> [Brief]: Print, exactly as they stand, the lines below from the one that has "The image depicts" to the one that has "Boucles d'oreilles longues", inclusive, leaving out the pictures.

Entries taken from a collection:
******

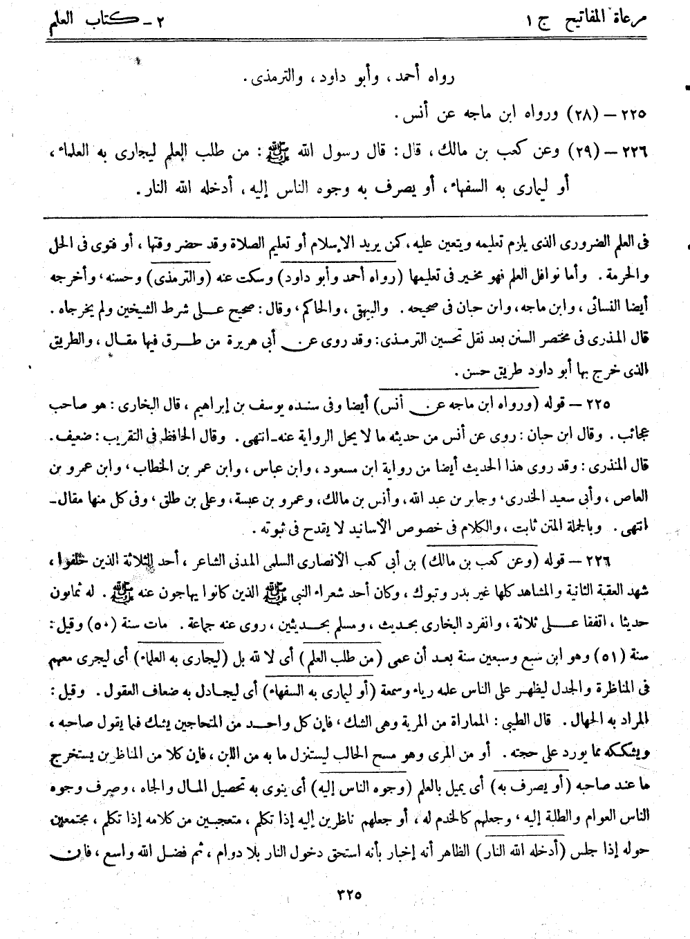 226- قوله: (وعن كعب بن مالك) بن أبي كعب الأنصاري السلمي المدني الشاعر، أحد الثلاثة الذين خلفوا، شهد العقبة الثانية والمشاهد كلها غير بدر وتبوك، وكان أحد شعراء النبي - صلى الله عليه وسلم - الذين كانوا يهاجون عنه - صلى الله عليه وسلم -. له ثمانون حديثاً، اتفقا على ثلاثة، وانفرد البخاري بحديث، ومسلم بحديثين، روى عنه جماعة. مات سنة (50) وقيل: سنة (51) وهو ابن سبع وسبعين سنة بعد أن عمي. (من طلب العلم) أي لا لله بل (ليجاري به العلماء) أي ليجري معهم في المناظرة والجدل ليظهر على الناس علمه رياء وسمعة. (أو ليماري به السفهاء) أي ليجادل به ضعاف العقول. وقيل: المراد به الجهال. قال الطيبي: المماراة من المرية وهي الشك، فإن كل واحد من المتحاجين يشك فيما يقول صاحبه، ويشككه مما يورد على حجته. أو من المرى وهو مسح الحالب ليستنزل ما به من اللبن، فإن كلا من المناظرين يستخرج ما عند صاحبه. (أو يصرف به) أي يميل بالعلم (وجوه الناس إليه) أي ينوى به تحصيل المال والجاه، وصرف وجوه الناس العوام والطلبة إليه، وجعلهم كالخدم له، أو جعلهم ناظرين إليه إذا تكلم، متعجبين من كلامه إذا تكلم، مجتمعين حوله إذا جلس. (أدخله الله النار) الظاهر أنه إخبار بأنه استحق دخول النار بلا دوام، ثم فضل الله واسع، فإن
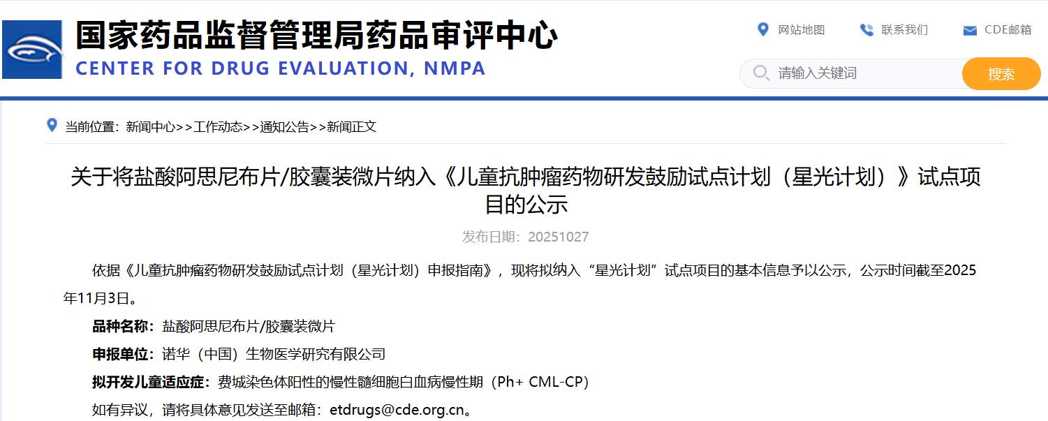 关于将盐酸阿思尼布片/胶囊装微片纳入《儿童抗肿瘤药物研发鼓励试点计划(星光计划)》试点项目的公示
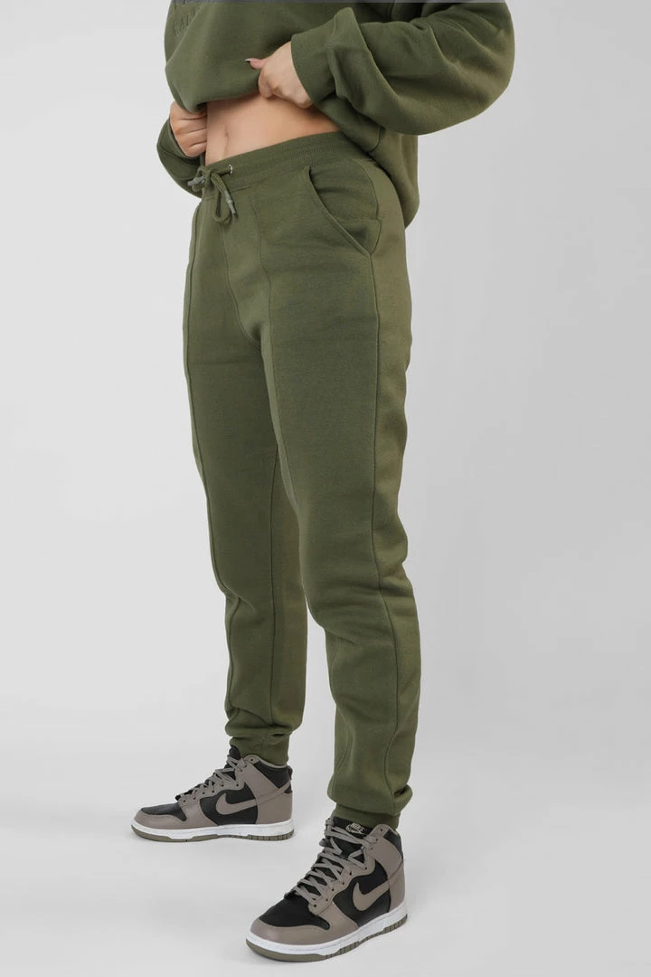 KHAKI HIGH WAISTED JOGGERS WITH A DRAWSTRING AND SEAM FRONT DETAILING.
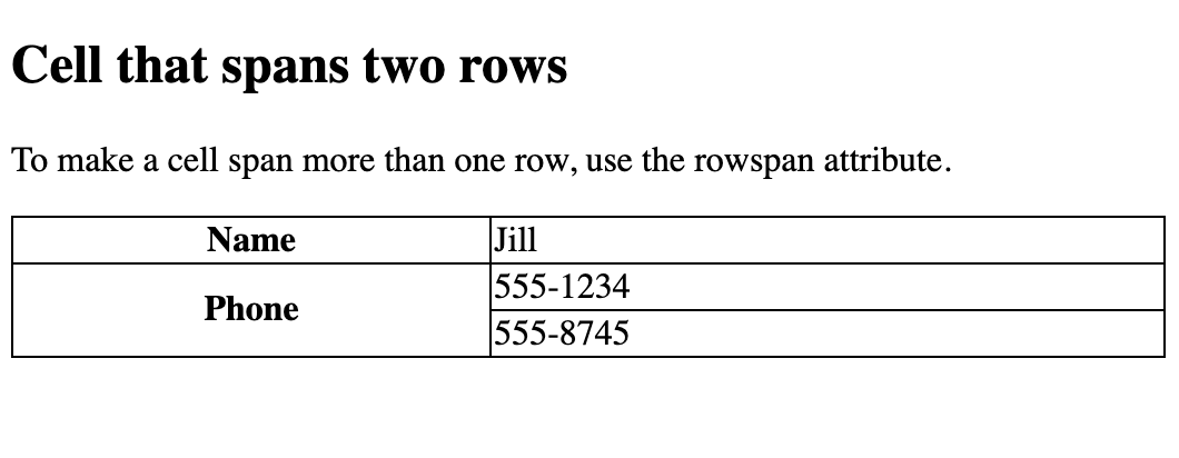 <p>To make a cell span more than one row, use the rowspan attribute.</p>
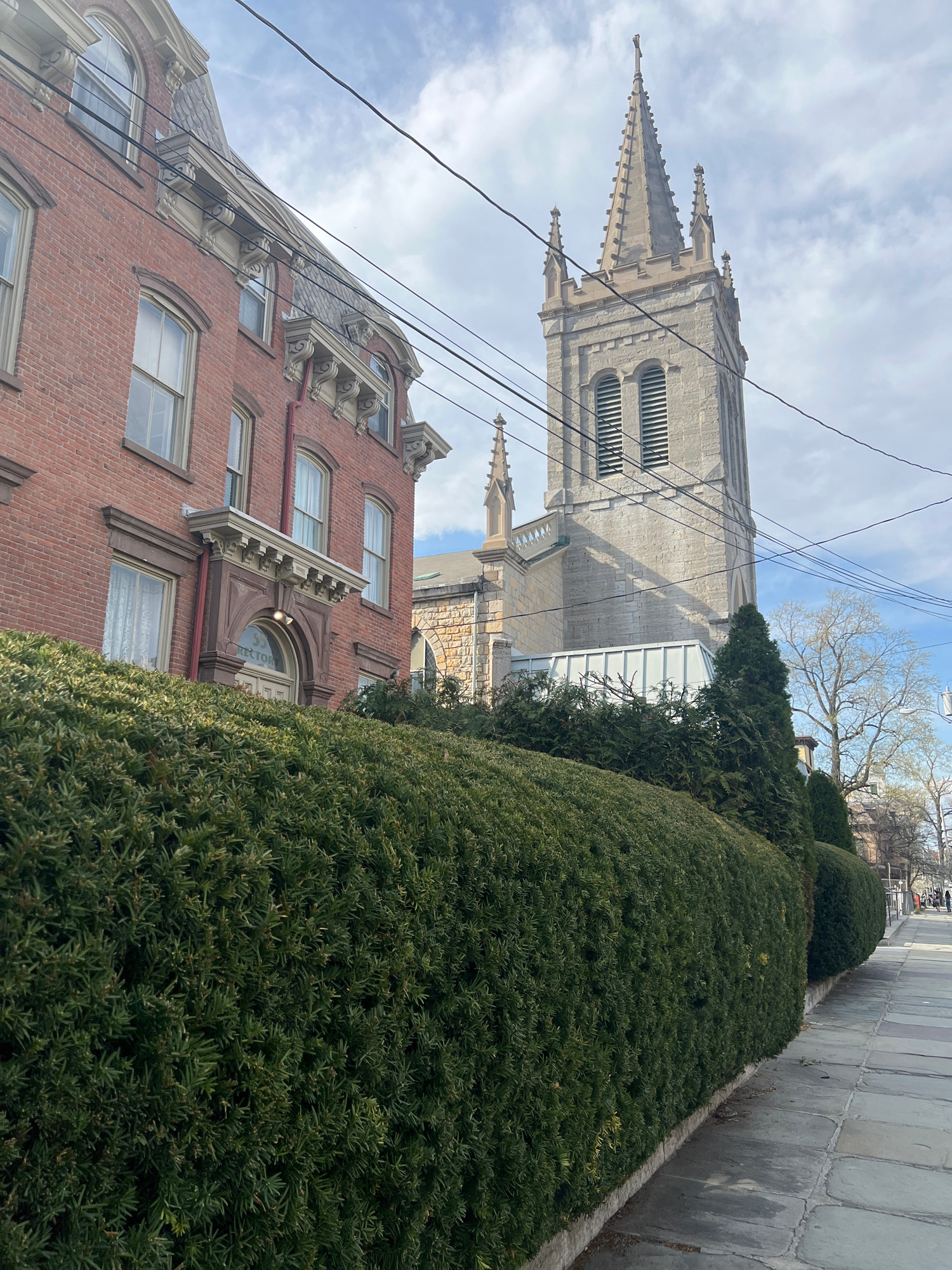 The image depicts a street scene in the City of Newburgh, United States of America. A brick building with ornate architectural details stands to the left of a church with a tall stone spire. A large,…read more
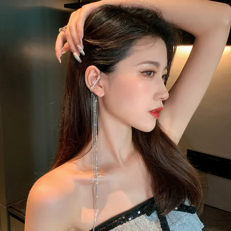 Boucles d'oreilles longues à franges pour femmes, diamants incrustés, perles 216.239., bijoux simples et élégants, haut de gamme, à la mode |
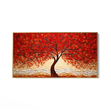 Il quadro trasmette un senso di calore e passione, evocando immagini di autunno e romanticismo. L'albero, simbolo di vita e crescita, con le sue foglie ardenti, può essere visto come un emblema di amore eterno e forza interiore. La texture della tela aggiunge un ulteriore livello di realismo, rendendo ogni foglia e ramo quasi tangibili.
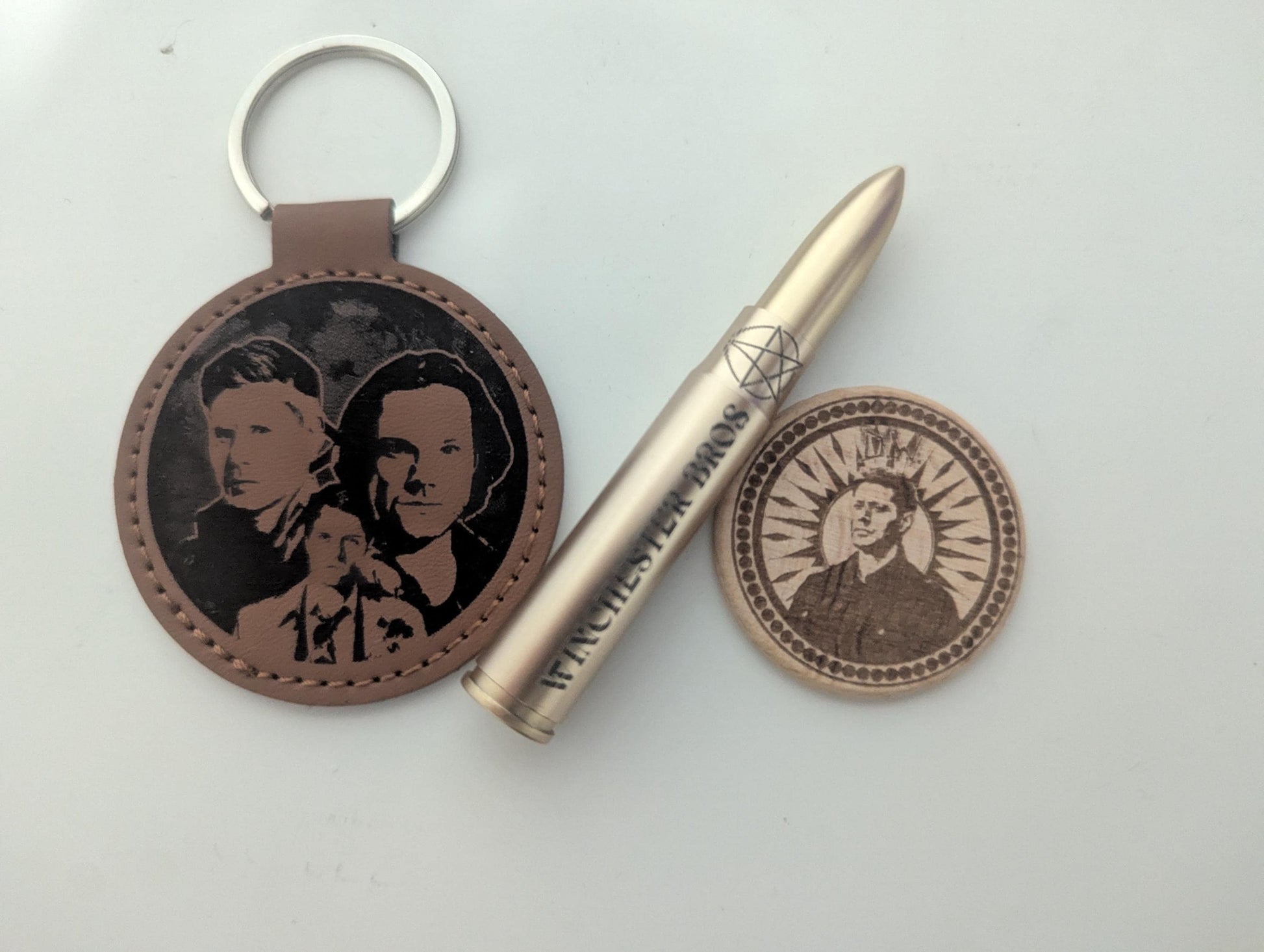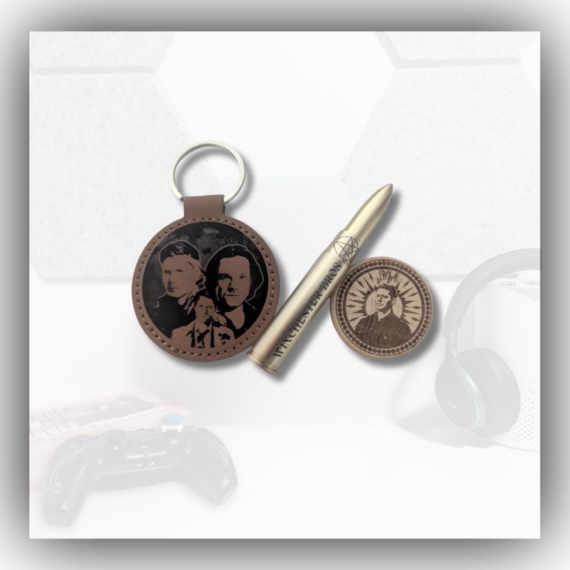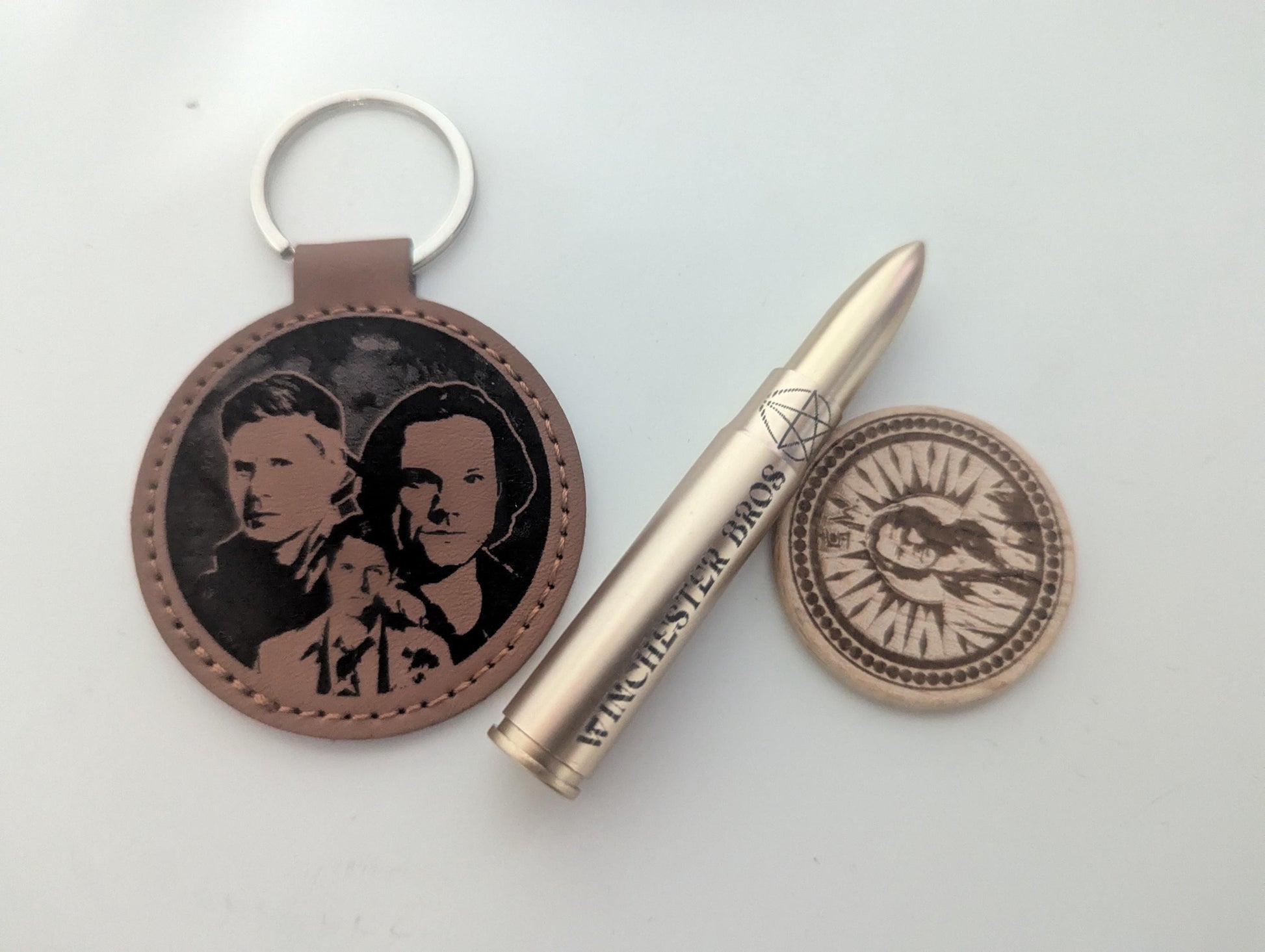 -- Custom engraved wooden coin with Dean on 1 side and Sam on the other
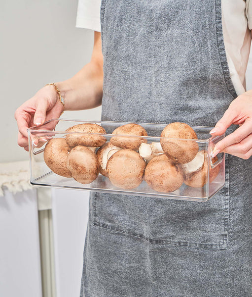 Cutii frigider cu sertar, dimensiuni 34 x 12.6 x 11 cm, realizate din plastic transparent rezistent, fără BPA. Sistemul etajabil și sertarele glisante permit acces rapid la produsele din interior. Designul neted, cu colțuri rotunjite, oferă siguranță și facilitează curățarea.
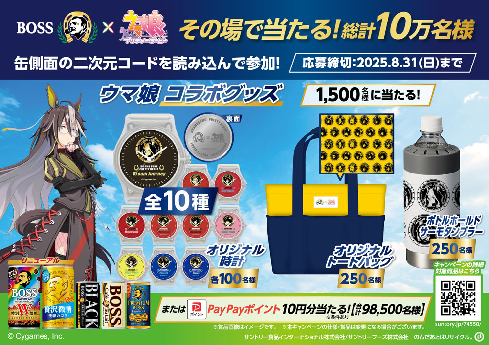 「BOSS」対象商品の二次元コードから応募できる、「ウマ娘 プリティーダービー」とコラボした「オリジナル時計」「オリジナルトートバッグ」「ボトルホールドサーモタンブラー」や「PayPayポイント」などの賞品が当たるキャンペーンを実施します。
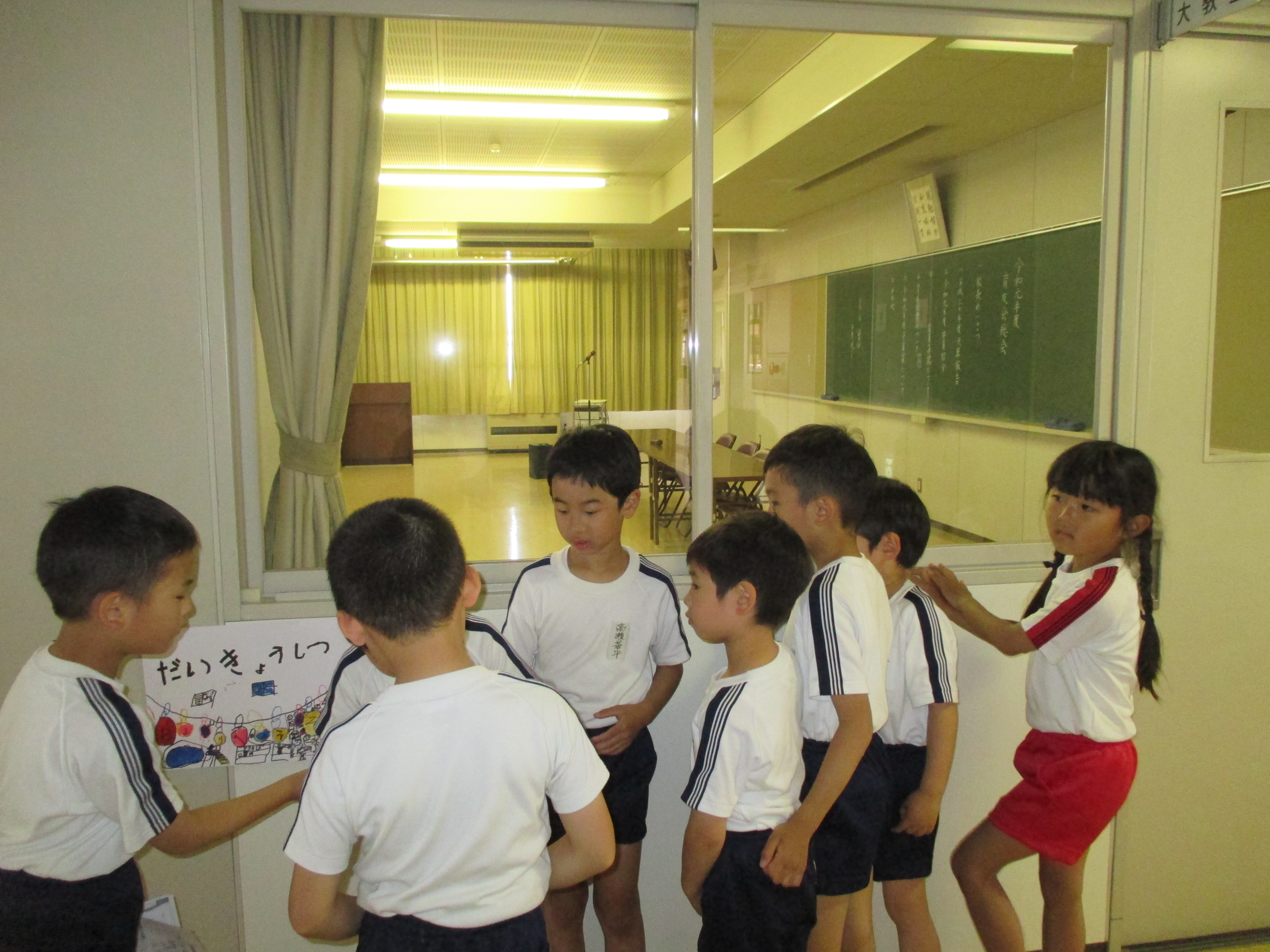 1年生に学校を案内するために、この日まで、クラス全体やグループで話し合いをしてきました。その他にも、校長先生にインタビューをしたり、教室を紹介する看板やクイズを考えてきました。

******

> [Result]:
 The image depicts a street scene in the City of Newburgh, United States of America. A brick building with ornate architectural details stands to the left of a church with a tall stone spire. A large,…read more
 Boucles d'oreilles longues à franges pour femmes, diamants incrustés, perles 216.239., bijoux simples et élégants, haut de gamme, à la mode |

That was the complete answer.